= Beginning of Section =

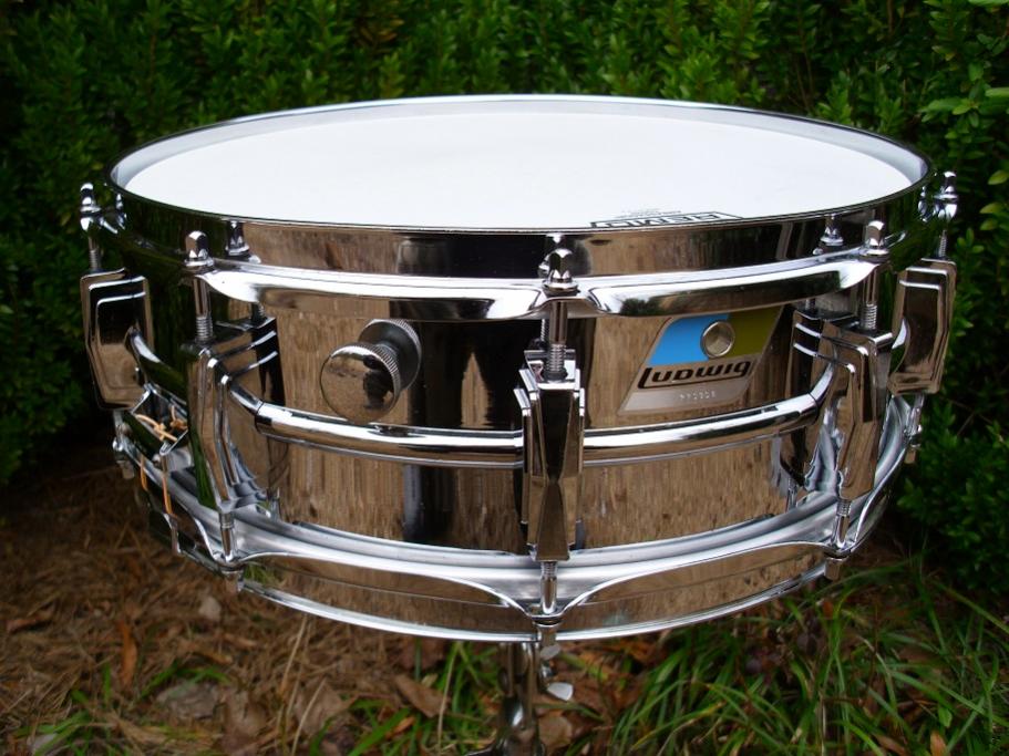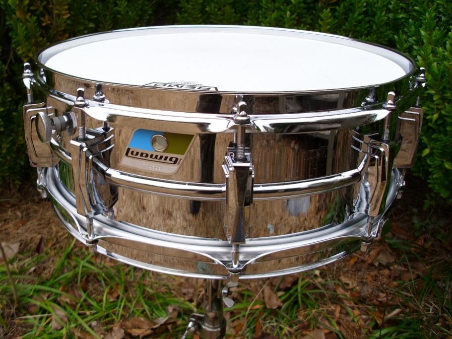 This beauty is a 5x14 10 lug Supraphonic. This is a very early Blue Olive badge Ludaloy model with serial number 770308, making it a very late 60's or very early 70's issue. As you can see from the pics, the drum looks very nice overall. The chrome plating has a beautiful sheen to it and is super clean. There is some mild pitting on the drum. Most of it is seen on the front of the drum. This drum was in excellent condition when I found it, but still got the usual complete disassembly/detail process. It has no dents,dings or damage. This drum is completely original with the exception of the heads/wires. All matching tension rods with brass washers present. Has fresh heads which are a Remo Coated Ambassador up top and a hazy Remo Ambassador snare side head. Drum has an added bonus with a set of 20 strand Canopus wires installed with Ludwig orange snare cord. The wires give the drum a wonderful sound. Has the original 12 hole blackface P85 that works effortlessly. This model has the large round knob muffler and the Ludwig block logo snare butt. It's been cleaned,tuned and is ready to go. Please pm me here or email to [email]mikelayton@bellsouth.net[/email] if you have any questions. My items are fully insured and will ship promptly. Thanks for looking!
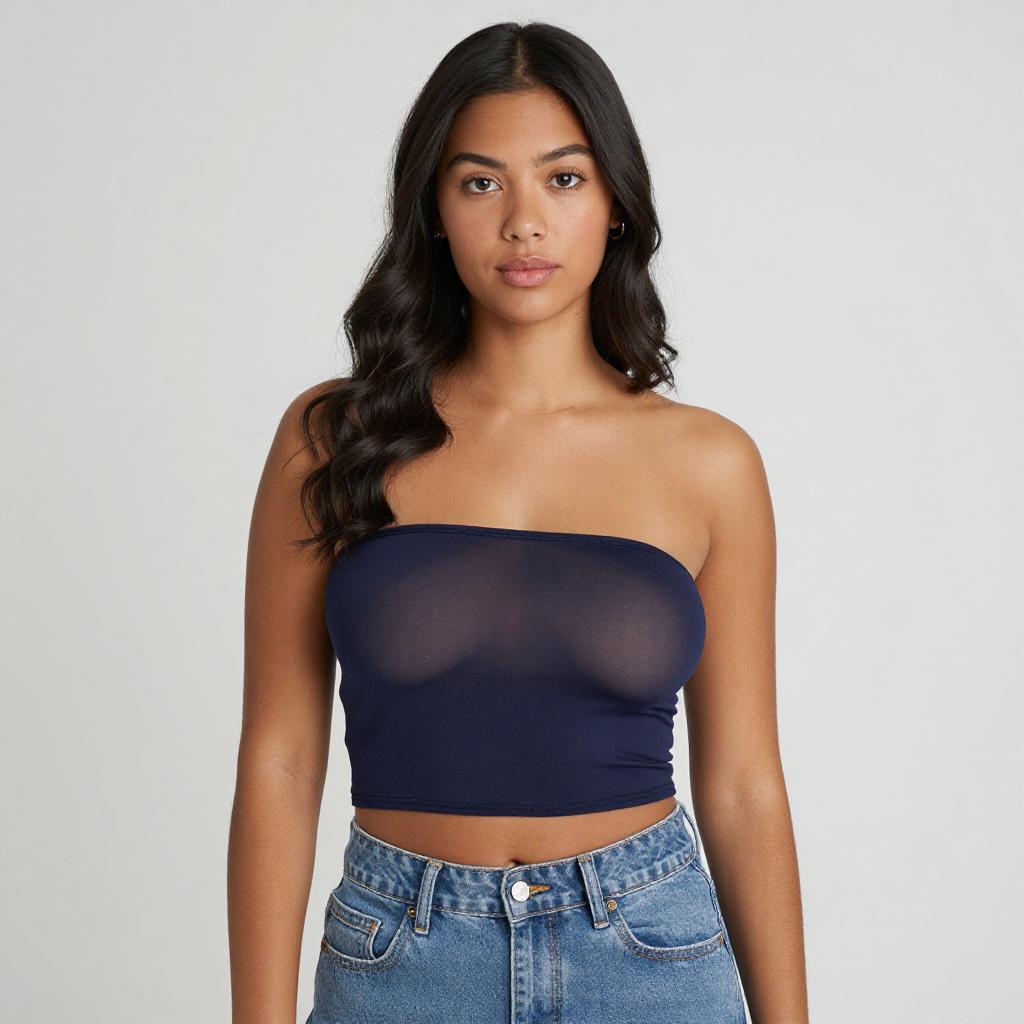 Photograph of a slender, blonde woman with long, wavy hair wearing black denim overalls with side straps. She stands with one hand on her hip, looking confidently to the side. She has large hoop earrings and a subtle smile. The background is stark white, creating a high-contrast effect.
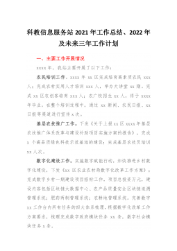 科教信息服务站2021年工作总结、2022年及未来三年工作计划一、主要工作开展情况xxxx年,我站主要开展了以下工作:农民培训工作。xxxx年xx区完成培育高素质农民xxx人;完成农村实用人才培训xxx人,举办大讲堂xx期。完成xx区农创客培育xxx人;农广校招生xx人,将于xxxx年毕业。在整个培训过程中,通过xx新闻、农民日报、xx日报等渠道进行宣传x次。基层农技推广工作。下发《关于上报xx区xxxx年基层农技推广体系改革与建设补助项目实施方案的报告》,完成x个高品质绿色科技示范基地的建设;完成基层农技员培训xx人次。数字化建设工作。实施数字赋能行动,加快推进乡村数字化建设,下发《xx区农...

= End of Section =
= Beginning of Section =

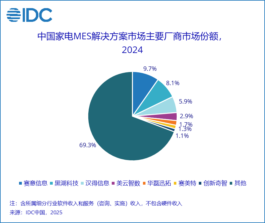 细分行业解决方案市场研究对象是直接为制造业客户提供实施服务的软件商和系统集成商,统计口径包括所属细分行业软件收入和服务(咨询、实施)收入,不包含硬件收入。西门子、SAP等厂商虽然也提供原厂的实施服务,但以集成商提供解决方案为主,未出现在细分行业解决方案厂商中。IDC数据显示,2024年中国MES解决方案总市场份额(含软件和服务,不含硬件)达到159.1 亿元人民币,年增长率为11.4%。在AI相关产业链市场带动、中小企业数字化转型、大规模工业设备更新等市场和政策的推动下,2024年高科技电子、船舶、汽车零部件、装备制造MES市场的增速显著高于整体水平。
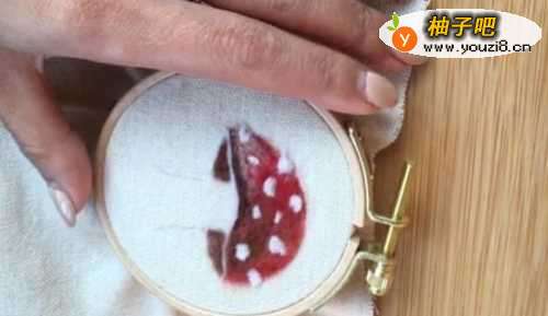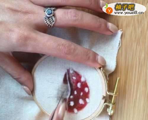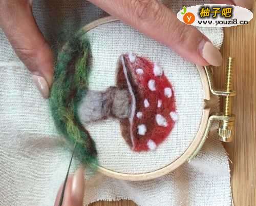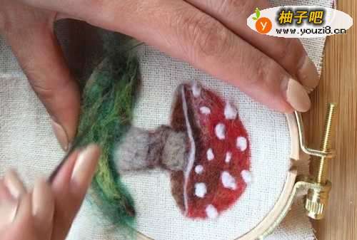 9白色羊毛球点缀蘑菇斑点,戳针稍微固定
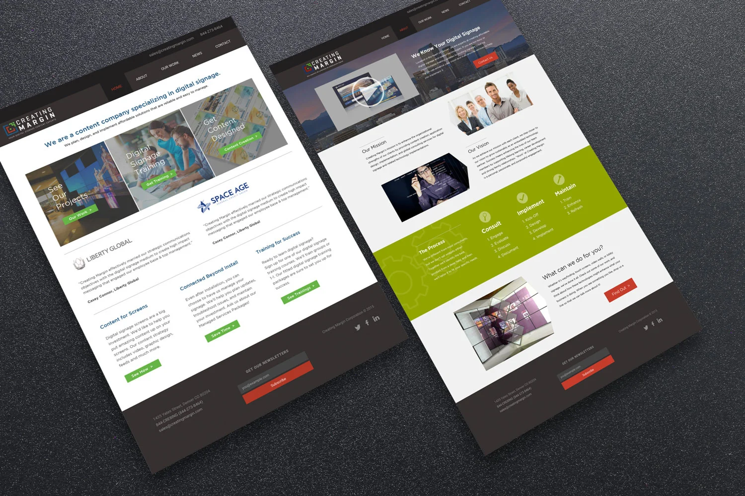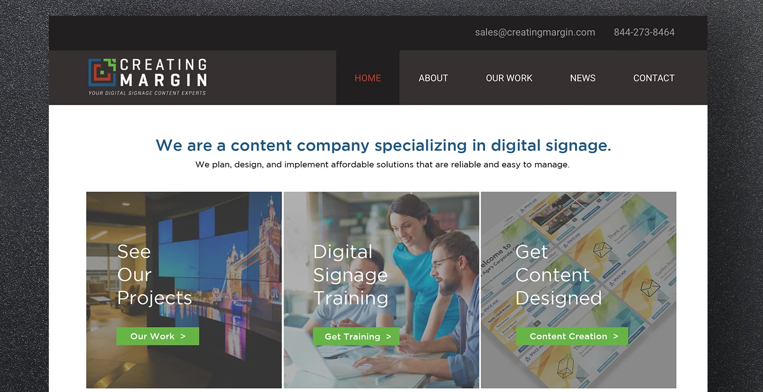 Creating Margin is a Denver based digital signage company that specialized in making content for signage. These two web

= End of Section =
= Beginning of Section =

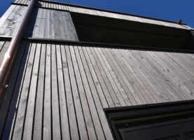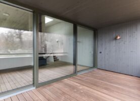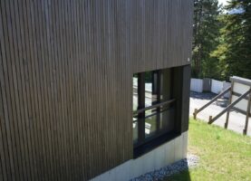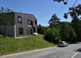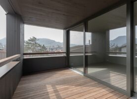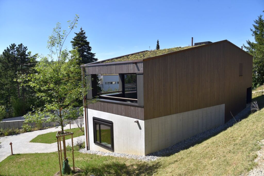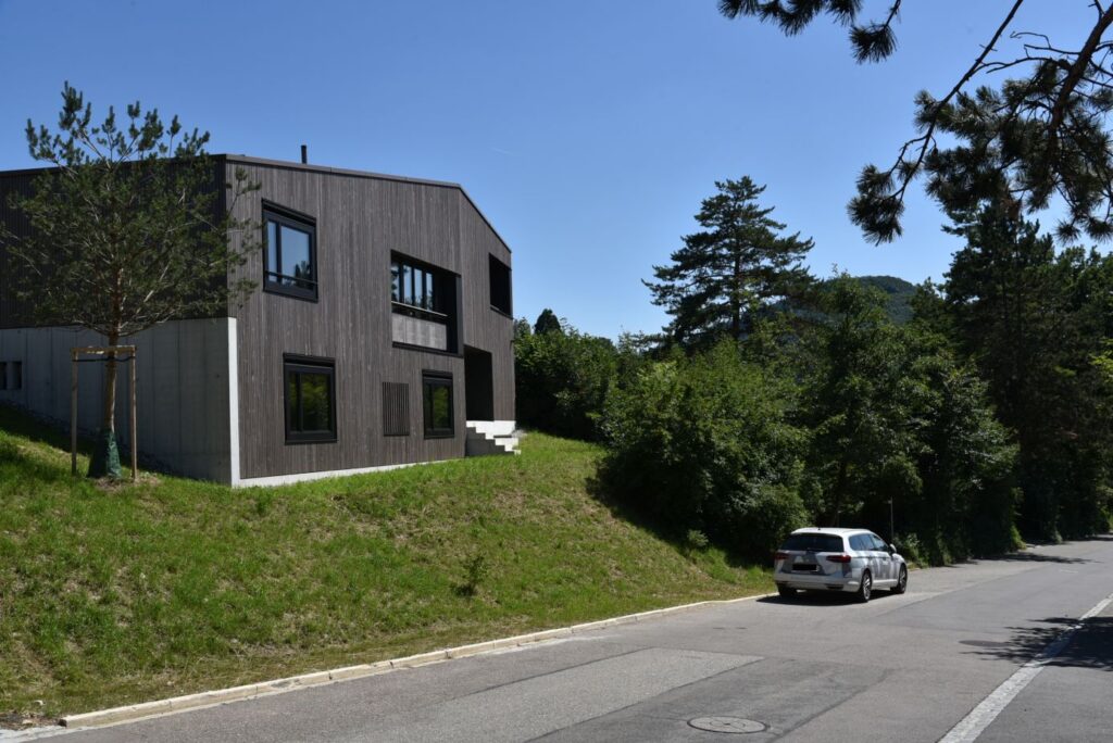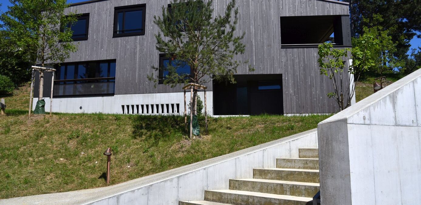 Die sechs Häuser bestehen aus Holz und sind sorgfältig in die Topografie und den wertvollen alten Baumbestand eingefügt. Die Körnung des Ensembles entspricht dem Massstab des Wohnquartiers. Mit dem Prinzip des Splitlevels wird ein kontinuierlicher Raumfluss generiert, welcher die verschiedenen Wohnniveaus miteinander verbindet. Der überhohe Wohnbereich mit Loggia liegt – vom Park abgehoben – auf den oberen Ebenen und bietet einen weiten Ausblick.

= End of Section =

Problem details: Starting with the line that has "细分行业解决方案市场研究对象" and going on through the line that has "Creating Margin is", transcribe the records above exactly, but skip the pictures.

Output:
 细分行业解决方案市场研究对象是直接为制造业客户提供实施服务的软件商和系统集成商,统计口径包括所属细分行业软件收入和服务(咨询、实施)收入,不包含硬件收入。西门子、SAP等厂商虽然也提供原厂的实施服务,但以集成商提供解决方案为主,未出现在细分行业解决方案厂商中。IDC数据显示,2024年中国MES解决方案总市场份额(含软件和服务,不含硬件)达到159.1 亿元人民币,年增长率为11.4%。在AI相关产业链市场带动、中小企业数字化转型、大规模工业设备更新等市场和政策的推动下,2024年高科技电子、船舶、汽车零部件、装备制造MES市场的增速显著高于整体水平。
 9白色羊毛球点缀蘑菇斑点,戳针稍微固定
 Creating Margin is a Denver based digital signage company that specialized in making content for signage. These two web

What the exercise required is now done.